A list of the start and end of the TimestampPeriod as formated string.

Return type:

list of 2 strings

union(other, how='inner')[source]

Unite 2 TimestampPeriods to one.

Compares the Periods and computes a new one.

Parameters:
  • other (TimestampPeriod) – The other TimestampPeriod with whome to compare.

  • how (str, optional) – How to compare the 2 TimestampPeriods. Can be “inner” or “outer”. “inner”: the maximal Timespan for both is computed. “outer”: The minimal Timespan for both is computed. The default is “inner”.

Returns:

A new TimespanPeriod object uniting both TimestampPeriods.

Return type:

TimestampPeriod

weatherDB.lib.utils.get_cdc_file_list(ftp_folders)[source]
weatherDB.lib.utils.get_ftp_file_list(ftp_conn, ftp_folders)[source]

Get a list of files in the folders with their modification dates.

Parameters:
  • ftp_conn (ftplib.FTP) – Ftp connection.

  • ftp_folders (list of str or pathlike object) – The directories on the ftp server to look for files.

Returns:

A list of Tuples. Every tuple stands for one file. The tuple consists of (filepath, modification date).

Return type:

list of tuples of strs

max_fun
import_DWD

A collection of functions to import data from the DWD-CDC Server.

weatherDB.lib.max_fun.import_DWD.dwd_id_to_str(id)[source]

Convert a station id to normal DWD format as str.

Parameters:

id (int or str) – The id of the station.

Returns:

string of normal DWD Station id.

Return type:

str

weatherDB.lib.max_fun.import_DWD.get_dwd_data(station_id, ftp_folder)[source]

Get the weather data for one station from the DWD server.

Parameters:
  • station_id (str or int) – Number of the station to get the weather data from.

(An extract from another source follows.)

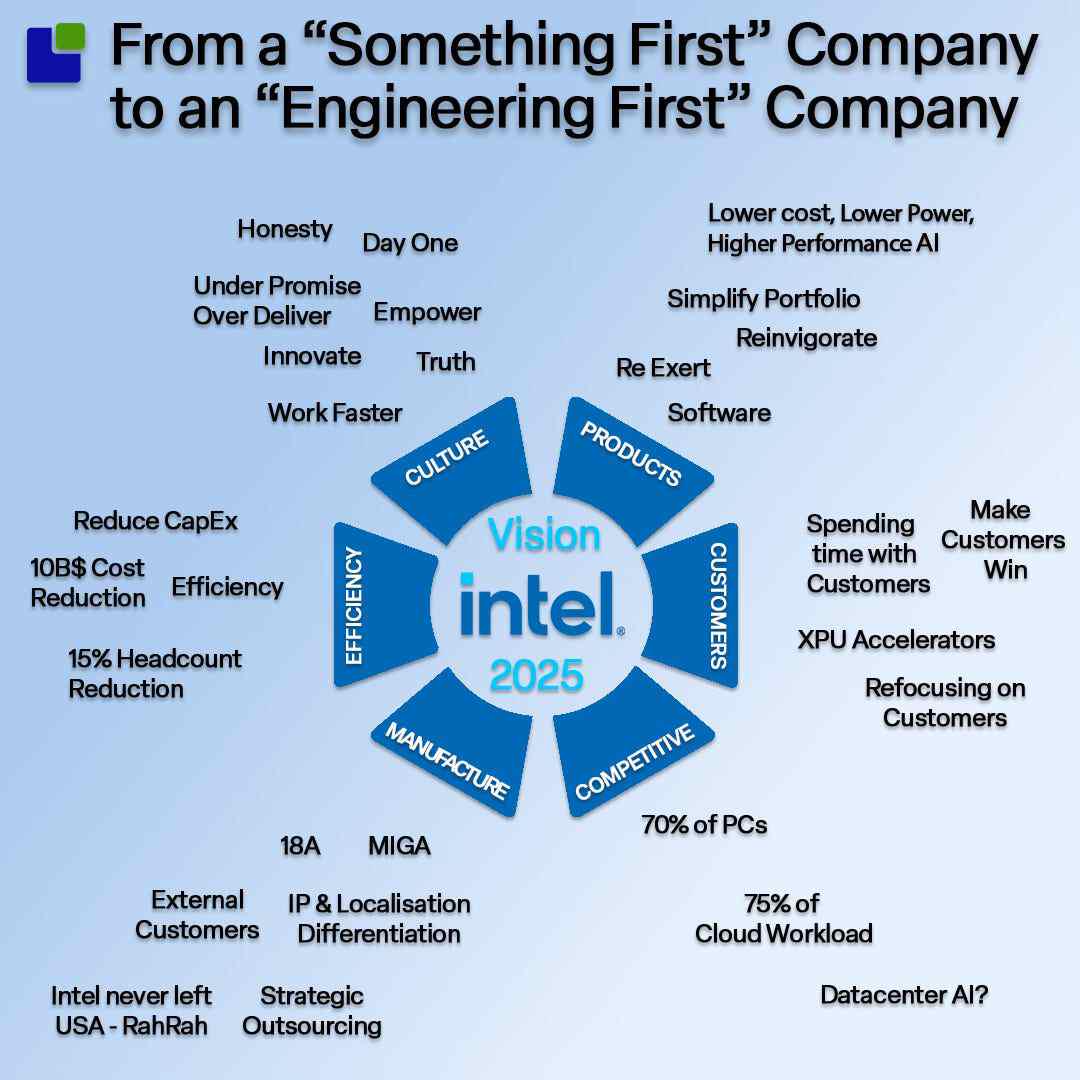 分拆代工业务的呼声:陈立武在出任 CEO 前就曾因主张剥离代工业务与基辛格意见不合而辞职。他被重新聘用,被认为是董事会倾向于分拆代工业务以进行价值重估的信号。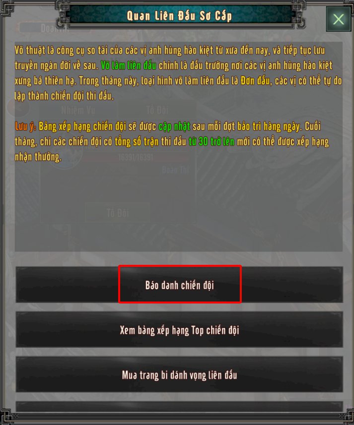 Chọn Báo danh chiến đội sau đó nhập tên chiến đội rồi chọn đồng ý

  • ftp_folder (str) – the base folder where to look for the stations_id file. e.g. ftp_folder = “climate_environment/CDC/observations_germany/climate/hourly/precipitation/historical/”. If the parent folder, where “recent”/”historical” folder is inside, both the historical and recent data gets merged.

Returns:

The DataFrame of the selected file in the zip folder.

Return type:

pandas.DataFrame

weatherDB.lib.max_fun.import_DWD.get_dwd_file(zip_filepath)[source]

Get a DataFrame from one single (zip-)file from the DWD FTP server.

Parameters:

zip_filepath (str) –

Path to the file on the server. e.g.

  • ”/climate_environment/CDC/observations_germany/climate/10_minutes/air_temperature/recent/10minutenwerte_TU_00044_akt.zip”

  • ”/climate_environment/CDC/derived_germany/soil/daily/historical/derived_germany_soil_daily_historical_73.txt.gz”

Returns:

The DataFrame of the selected file in the zip folder.

Return type:

pandas.DataFrame

weatherDB.lib.max_fun.import_DWD.get_dwd_meta(ftp_folder, min_years=0, max_hole_d=9999)[source]

Get the meta file from the ftp_folder on the DWD server.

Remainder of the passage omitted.